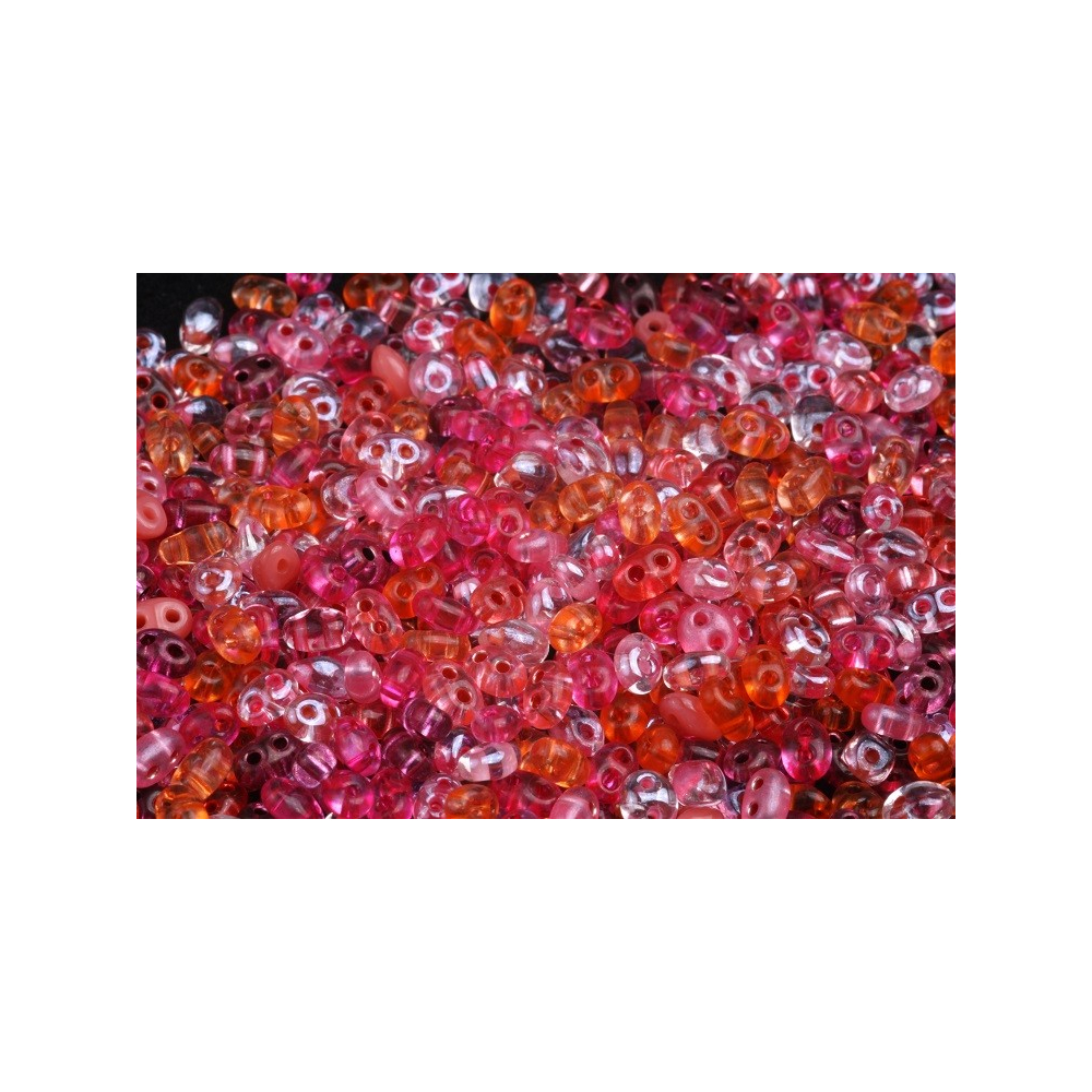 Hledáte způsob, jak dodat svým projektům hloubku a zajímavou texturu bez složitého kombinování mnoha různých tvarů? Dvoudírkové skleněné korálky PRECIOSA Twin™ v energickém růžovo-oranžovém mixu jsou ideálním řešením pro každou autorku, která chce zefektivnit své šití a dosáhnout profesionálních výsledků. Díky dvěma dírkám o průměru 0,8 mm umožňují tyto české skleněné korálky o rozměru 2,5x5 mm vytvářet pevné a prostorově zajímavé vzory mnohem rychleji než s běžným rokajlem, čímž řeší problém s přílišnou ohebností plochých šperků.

--

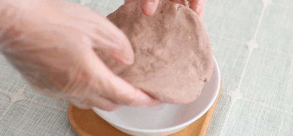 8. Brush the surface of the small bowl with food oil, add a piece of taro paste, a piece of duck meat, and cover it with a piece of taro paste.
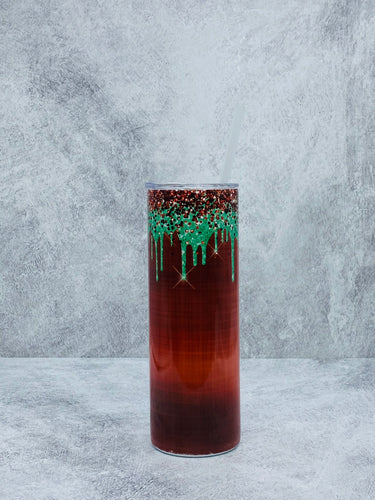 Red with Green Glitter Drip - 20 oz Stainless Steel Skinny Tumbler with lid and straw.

--

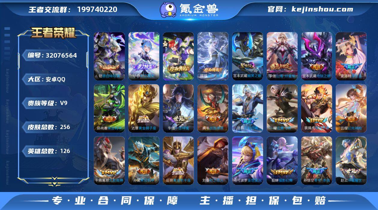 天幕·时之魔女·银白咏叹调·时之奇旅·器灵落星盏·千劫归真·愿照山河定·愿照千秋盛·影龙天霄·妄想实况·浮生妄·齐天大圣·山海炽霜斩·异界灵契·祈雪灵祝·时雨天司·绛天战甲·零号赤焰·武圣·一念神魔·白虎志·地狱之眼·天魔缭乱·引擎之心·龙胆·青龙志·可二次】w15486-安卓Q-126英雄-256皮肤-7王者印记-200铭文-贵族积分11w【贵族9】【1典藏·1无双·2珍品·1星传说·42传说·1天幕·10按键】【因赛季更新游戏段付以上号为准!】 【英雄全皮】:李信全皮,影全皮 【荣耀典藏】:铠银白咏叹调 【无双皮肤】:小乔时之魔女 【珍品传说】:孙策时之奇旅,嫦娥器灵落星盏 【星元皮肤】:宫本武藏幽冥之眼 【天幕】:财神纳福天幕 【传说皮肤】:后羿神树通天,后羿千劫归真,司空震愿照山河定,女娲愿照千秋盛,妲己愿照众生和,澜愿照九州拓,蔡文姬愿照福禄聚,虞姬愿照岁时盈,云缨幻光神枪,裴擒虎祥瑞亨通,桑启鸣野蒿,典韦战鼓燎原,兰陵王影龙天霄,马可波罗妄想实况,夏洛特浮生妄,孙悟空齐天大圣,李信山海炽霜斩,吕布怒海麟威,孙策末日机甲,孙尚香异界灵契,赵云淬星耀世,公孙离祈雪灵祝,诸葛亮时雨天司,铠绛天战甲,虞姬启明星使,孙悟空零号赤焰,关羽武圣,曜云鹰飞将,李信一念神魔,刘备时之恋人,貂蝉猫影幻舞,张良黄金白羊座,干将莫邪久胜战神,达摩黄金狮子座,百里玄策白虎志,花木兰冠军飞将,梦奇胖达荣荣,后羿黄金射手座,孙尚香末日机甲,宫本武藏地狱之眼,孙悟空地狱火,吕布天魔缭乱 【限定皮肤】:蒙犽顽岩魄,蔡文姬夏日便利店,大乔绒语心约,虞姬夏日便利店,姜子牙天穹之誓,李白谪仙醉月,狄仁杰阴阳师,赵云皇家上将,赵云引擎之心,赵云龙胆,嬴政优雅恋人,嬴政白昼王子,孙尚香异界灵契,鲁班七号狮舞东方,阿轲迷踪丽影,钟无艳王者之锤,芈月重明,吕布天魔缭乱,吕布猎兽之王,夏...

**Work to complete:**
The answer is the lines above from the one with "8. Brush the" to the one with "Red with Green", set down exactly, with no pictures.

**Exercise answer:**
 8. Brush the surface of the small bowl with food oil, add a piece of taro paste, a piece of duck meat, and cover it with a piece of taro paste.
 Red with Green Glitter Drip - 20 oz Stainless Steel Skinny Tumbler with lid and straw.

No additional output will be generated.